**ASSIGNED TASK**: Could you restate the whole listing below word for word, minus the pictures?

**DATA SEGMENT**:
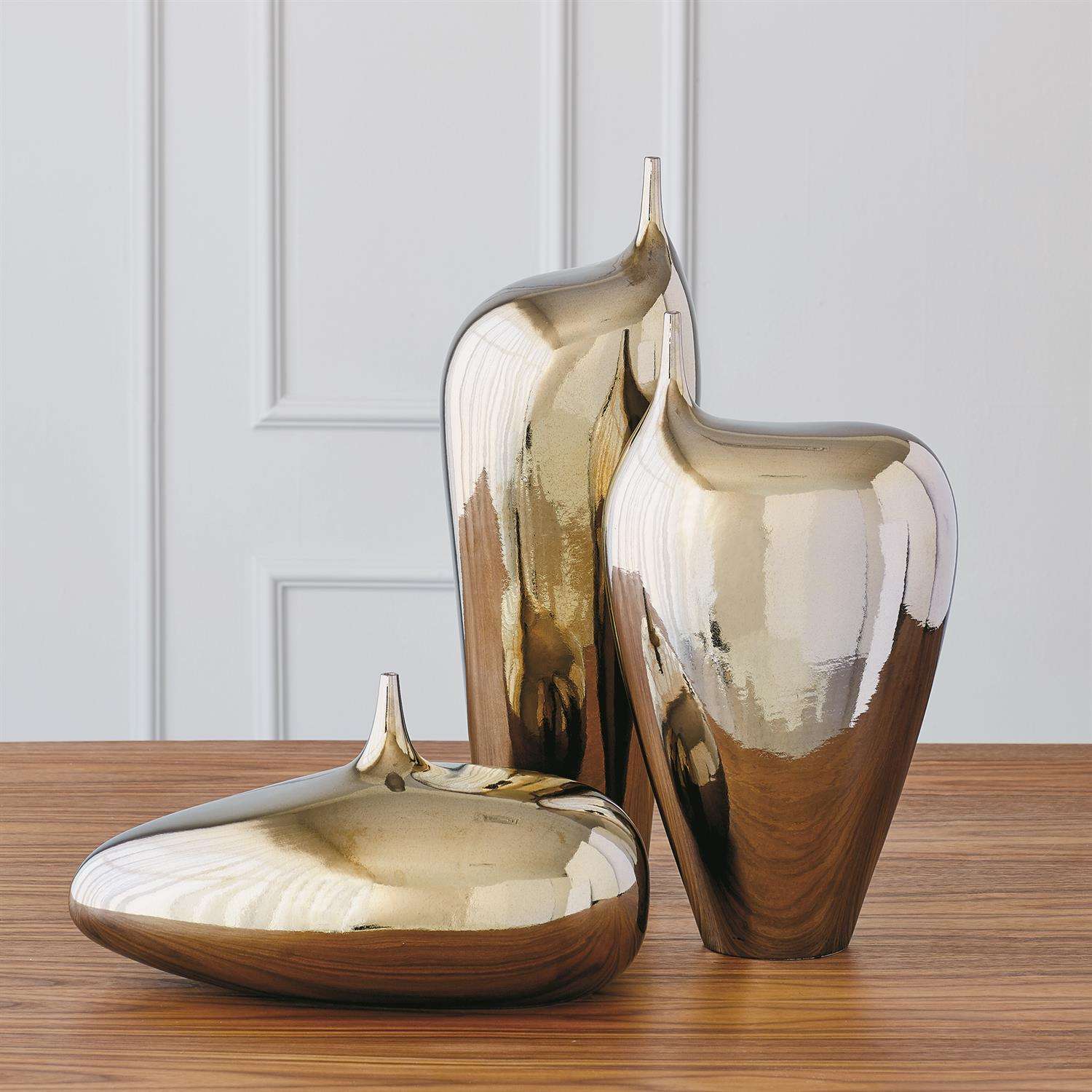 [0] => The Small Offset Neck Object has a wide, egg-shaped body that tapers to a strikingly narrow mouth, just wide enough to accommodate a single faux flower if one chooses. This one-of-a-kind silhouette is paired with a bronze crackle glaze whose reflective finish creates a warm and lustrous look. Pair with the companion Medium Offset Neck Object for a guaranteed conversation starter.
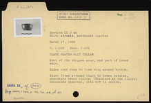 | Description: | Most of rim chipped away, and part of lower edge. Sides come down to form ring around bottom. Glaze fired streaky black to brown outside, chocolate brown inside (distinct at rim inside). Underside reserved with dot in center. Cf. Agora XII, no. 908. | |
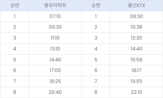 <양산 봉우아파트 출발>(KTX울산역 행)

**ANSWER BOX**:
 [0] => The Small Offset Neck Object has a wide, egg-shaped body that tapers to a strikingly narrow mouth, just wide enough to accommodate a single faux flower if one chooses. This one-of-a-kind silhouette is paired with a bronze crackle glaze whose reflective finish creates a warm and lustrous look. Pair with the companion Medium Offset Neck Object for a guaranteed conversation starter.
 | Description: | Most of rim chipped away, and part of lower edge. Sides come down to form ring around bottom. Glaze fired streaky black to brown outside, chocolate brown inside (distinct at rim inside). Underside reserved with dot in center. Cf. Agora XII, no. 908. | |
 <양산 봉우아파트 출발>(KTX울산역 행)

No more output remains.